WORK REQUEST: Leaving the pictures aside, transcribe every line below exactly.

INFORMATION PROVIDED:
################
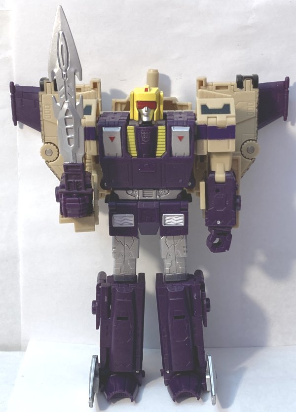 Robot Mode: Blitzing looks great in robot mode. He has two guns and a sword. The extra large fists are stupid and serve no purpose. They are part of Legacy’s weapon gimmick that I still don’t understand. Some toys have them, some don’t, it’s completely stupid. However, at least they did give him his correct weapons. It’s a pity Legacy Skywarp did not receive the same treatment.
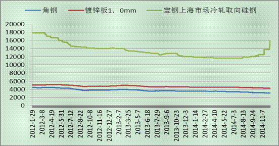 據(jù)鋼聯(lián)資訊跟蹤的部分電網(wǎng)建設(shè)用鋼價(jià)格走勢(shì)顯示,近3年來(lái),由于鋼鐵產(chǎn)能的嚴(yán)重過(guò)剩以及下游投資建設(shè)需求的回落,鋼材價(jià)格一路持續(xù)下跌。其中用于變壓器的冷軋取向硅鋼價(jià)格從最高17800元/噸跌至13800元/噸,跌幅達(dá)22.5%,其中最低跌至11600元/噸。角鋼價(jià)格亦從最高4435元/噸跌至3094元/噸,鍍鋅板價(jià)格從最高5052元/噸下跌至4267元/噸,跌幅分別達(dá)30.2%和15.5%。從圖中可以看出,三個(gè)品種的價(jià)格在2012年跌幅相對(duì)較大。此后,價(jià)格逐步呈現(xiàn)陰跌的走勢(shì),跌幅有所收窄,冷軋取向硅鋼價(jià)格在特高壓政策利好之下,率先小幅拉升,其他兩個(gè)品種鋼材因使用面廣,依舊維持震蕩走勢(shì)。
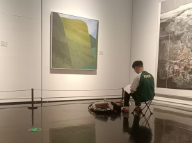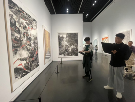 随着师生在郑州美术馆新馆前集结完毕,周宾老师以《轩辕问道图》为例,解析人物动态与叙事逻辑:“黄帝抬手的45度倾斜,既显威严又暗示故事转折,这是用造型语言讲好中国故事的核心。”张建森老师借助油画《大河新韵》,用几何图形拆解构图法则:“左上三角形山峦与右下弧形河流形成对角线平衡,速写创作可借鉴这种‘稳中求变’思路。”王聿恺老师则用生活化比喻讲解笔墨变化:“笔尖含水量像奶茶甜度——七分糖墨色温润,全糖焦墨苍劲。”指导学生现场尝试“奶茶墨法”创作。
################
WRITTEN RESPONSE:
 Robot Mode: Blitzing looks great in robot mode. He has two guns and a sword. The extra large fists are stupid and serve no purpose. They are part of Legacy’s weapon gimmick that I still don’t understand. Some toys have them, some don’t, it’s completely stupid. However, at least they did give him his correct weapons. It’s a pity Legacy Skywarp did not receive the same treatment.
 據(jù)鋼聯(lián)資訊跟蹤的部分電網(wǎng)建設(shè)用鋼價(jià)格走勢(shì)顯示,近3年來(lái),由于鋼鐵產(chǎn)能的嚴(yán)重過(guò)剩以及下游投資建設(shè)需求的回落,鋼材價(jià)格一路持續(xù)下跌。其中用于變壓器的冷軋取向硅鋼價(jià)格從最高17800元/噸跌至13800元/噸,跌幅達(dá)22.5%,其中最低跌至11600元/噸。角鋼價(jià)格亦從最高4435元/噸跌至3094元/噸,鍍鋅板價(jià)格從最高5052元/噸下跌至4267元/噸,跌幅分別達(dá)30.2%和15.5%。從圖中可以看出,三個(gè)品種的價(jià)格在2012年跌幅相對(duì)較大。此后,價(jià)格逐步呈現(xiàn)陰跌的走勢(shì),跌幅有所收窄,冷軋取向硅鋼價(jià)格在特高壓政策利好之下,率先小幅拉升,其他兩個(gè)品種鋼材因使用面廣,依舊維持震蕩走勢(shì)。
 随着师生在郑州美术馆新馆前集结完毕,周宾老师以《轩辕问道图》为例,解析人物动态与叙事逻辑:“黄帝抬手的45度倾斜,既显威严又暗示故事转折,这是用造型语言讲好中国故事的核心。”张建森老师借助油画《大河新韵》,用几何图形拆解构图法则:“左上三角形山峦与右下弧形河流形成对角线平衡,速写创作可借鉴这种‘稳中求变’思路。”王聿恺老师则用生活化比喻讲解笔墨变化:“笔尖含水量像奶茶甜度——七分糖墨色温润,全糖焦墨苍劲。”指导学生现场尝试“奶茶墨法”创作。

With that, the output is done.